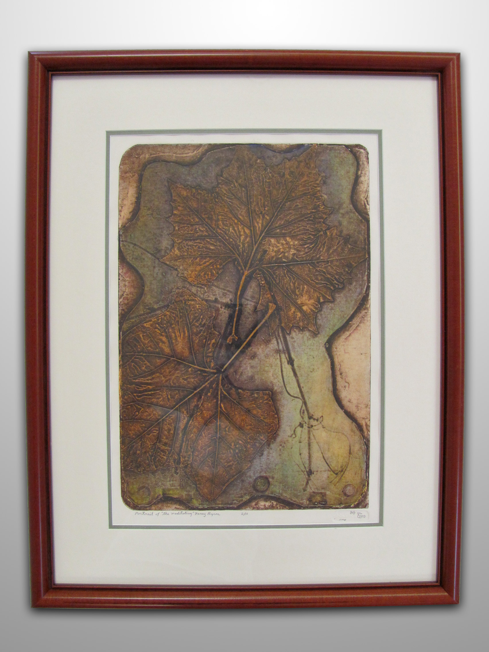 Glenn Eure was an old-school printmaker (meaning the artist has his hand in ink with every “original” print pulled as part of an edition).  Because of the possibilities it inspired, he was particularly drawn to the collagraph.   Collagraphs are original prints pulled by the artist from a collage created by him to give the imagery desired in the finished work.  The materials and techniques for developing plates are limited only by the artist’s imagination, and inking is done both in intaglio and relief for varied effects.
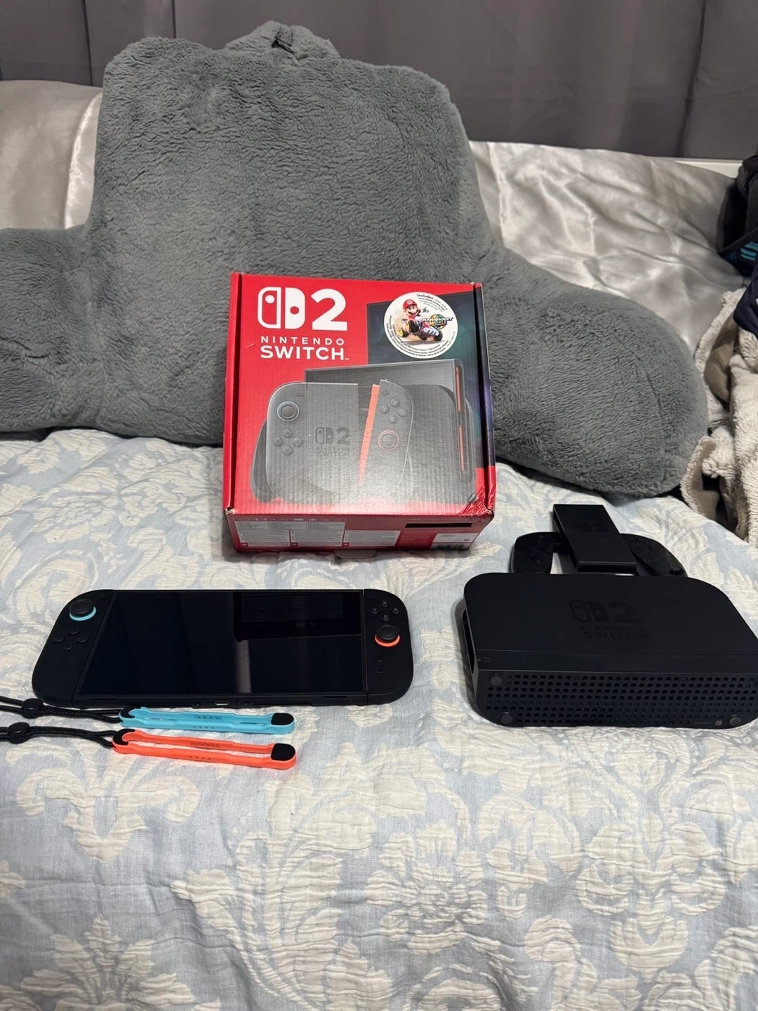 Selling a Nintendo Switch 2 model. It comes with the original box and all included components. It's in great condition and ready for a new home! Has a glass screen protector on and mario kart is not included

__________________________________________________

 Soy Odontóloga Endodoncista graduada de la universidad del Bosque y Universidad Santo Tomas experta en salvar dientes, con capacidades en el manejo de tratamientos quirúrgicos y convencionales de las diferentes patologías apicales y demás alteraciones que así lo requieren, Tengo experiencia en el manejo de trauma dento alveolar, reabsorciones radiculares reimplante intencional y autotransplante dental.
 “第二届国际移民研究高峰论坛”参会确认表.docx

__________________________________________________

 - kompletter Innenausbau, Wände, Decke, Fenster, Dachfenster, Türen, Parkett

__________________________________________________

EXERCISE INSTRUCTIONS
Working from the entries above, please transcribe only the lines from the line with "Glenn Eure was" through the line with "Selling a Nintendo", exactly, with both end lines and without pictures.

TASK OUTPUT
 Glenn Eure was an old-school printmaker (meaning the artist has his hand in ink with every “original” print pulled as part of an edition).  Because of the possibilities it inspired, he was particularly drawn to the collagraph.   Collagraphs are original prints pulled by the artist from a collage created by him to give the imagery desired in the finished work.  The materials and techniques for developing plates are limited only by the artist’s imagination, and inking is done both in intaglio and relief for varied effects.
 Selling a Nintendo Switch 2 model. It comes with the original box and all included components. It's in great condition and ready for a new home! Has a glass screen protector on and mario kart is not included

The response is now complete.